3,5 chili di argento, 340 grammi di oro, 140 grammi di palladio e 130 chili di rame. Che significano questi numeri? Sono il peso dei metalli più preziosi contenuti in una tonnellata di cellulari usati, equivalenti a circa 6 mila dispositivi. È quanto rivelato da Solving the E-waste Problem (StEP), organismo delle Nazioni Unite che ha deciso di rilanciare il problema dei rifiuti pericolosi rappresentati dai vecchi telefoni cellulari in tutto il mondo, in particolare nei paesi economicamente più sviluppati, dove il cambio di cellulare avviene più spesso e, quindi, sono numericamente maggiori i vecchi terminali da smaltire.
Il problema è tornato nelle prime pagine delle agenzie di stampa in questi giorni dopo le dichiarazioni di Ruediger Kuehr, il segretario dell’organizzazione legata all’ONU, che punta a trovare delle soluzioni efficaci e tempestive per evitare che i rifiuti tecnologici rappresentati dai telefonini non più utilizzati divenga una situazione insostenibile. La maggior parte di tali rifiuti vengono dislocati in paesi differenti da quelli che li producono: la maggior parte di essi vengono spostati negli stati più poveri del pianeta, divenuti da tempo vere e proprie discariche del mondo occidentalizzato.
Ciò che StEP ha voluto mostrare con i numeri che vi abbiamo mostrato ad inizio articolo è che un corretto smaltimento dei rifiuti tecnologici non produce solamente plastica e sostanze nocive per l’ambiente, ma contiene metalli preziosi che potrebbero essere recuperati, utilizzandoli per altri scopi o per la produzione di altri dispositivi, ottimizzando i costi e rilasciando meno inquinanti nell’aria e nel pianeta.

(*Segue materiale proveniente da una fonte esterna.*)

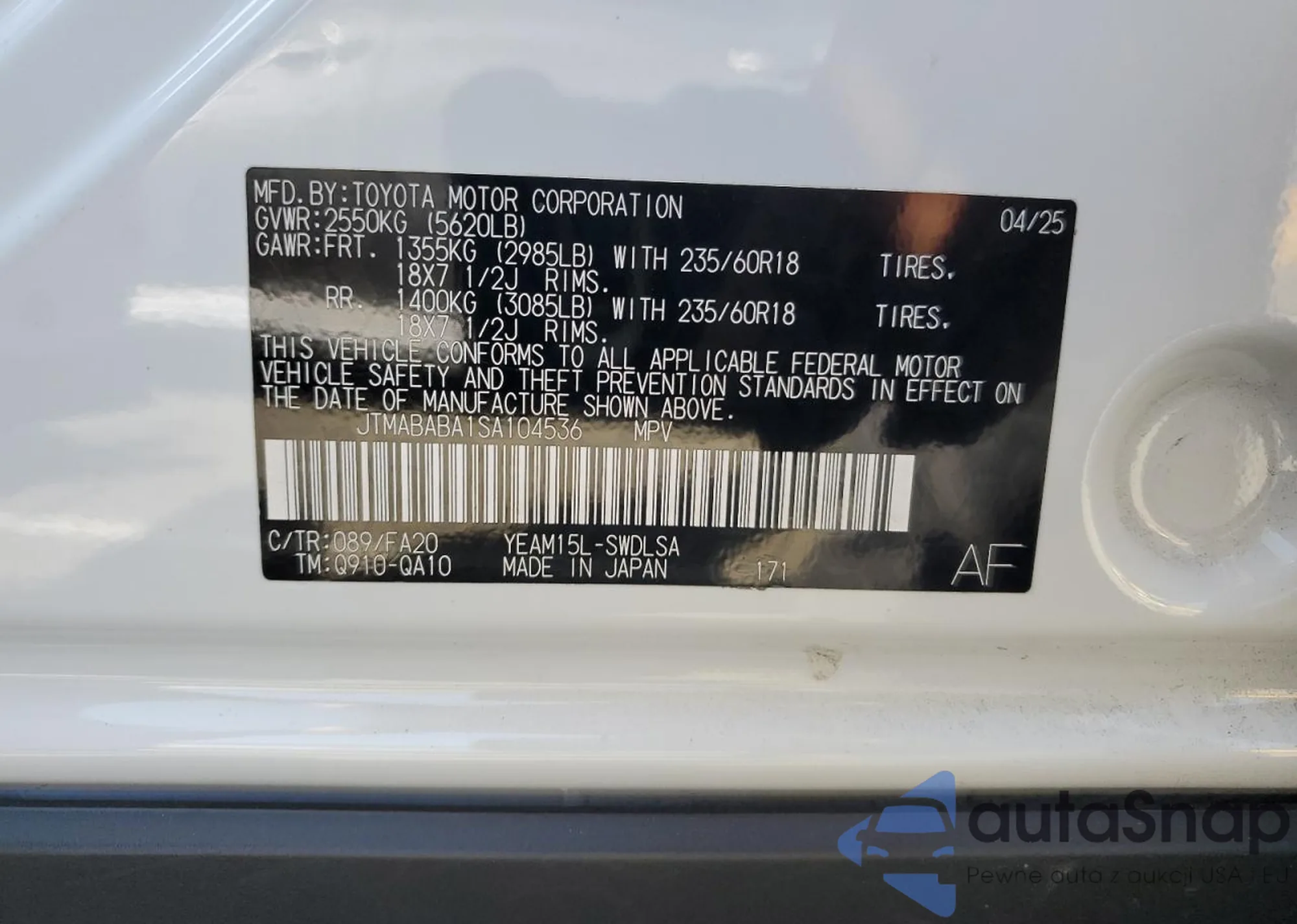 Samochód Subaru Solterra 2025 (VIN JTMABABA1SA104536) nie był wcześniej licytowany. Dokumenty są czyste, przebieg odpowiada lub jest niższy niż średnia rynku. Sprzedaje go firma ubezpieczeniowa – polecamy zakup. Dostawa do portu zajmie ok. 6–8 tygodni.
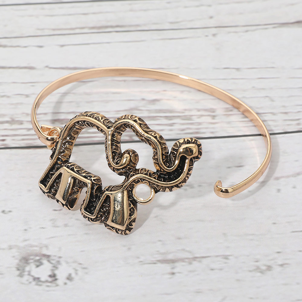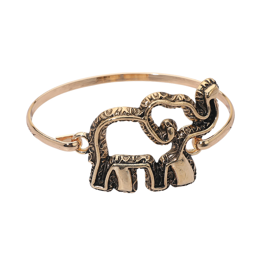 Details • Size : 1.3" H, 2.5" D • Hook Closure • This open bangle bracelet features a sculpted elephant charm symbolizing strength, wisdom, and good fortune. The smooth bangle silhouette offers easy wear and a comfortable fit, making it ideal for everyday styling or meaningful gifting. A distinctive statement piece for boutiques seeking symbolic, trend-forward jewelry with lasting appeal and broad customer appeal. • Lead and Nickel Compliant
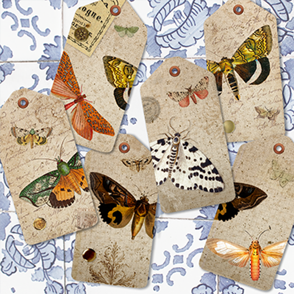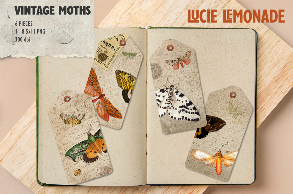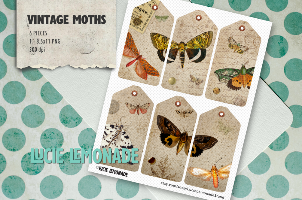 Vintage Tags: 6 digital tags with vintage moth illustrations in earthy, vintage paper background with orange, blue, green and earth tone colors and accents.

Alcune grandi aziende, come Nokia, Microsoft e Vodafone, hanno già da un po’ di tempo appoggiato politiche di questo tipo, promuovendo iniziative di recupero dei vecchi dispositivi, affinchè non vengano dispersi nell’ambiente insieme ai normali rifiuti casalinghi. Ma c’è ancora molto lavoro da fare e Kuehr auspica un intervento maggiore dei governi e della politica mondiale per regolamentare al meglio queste situazioni.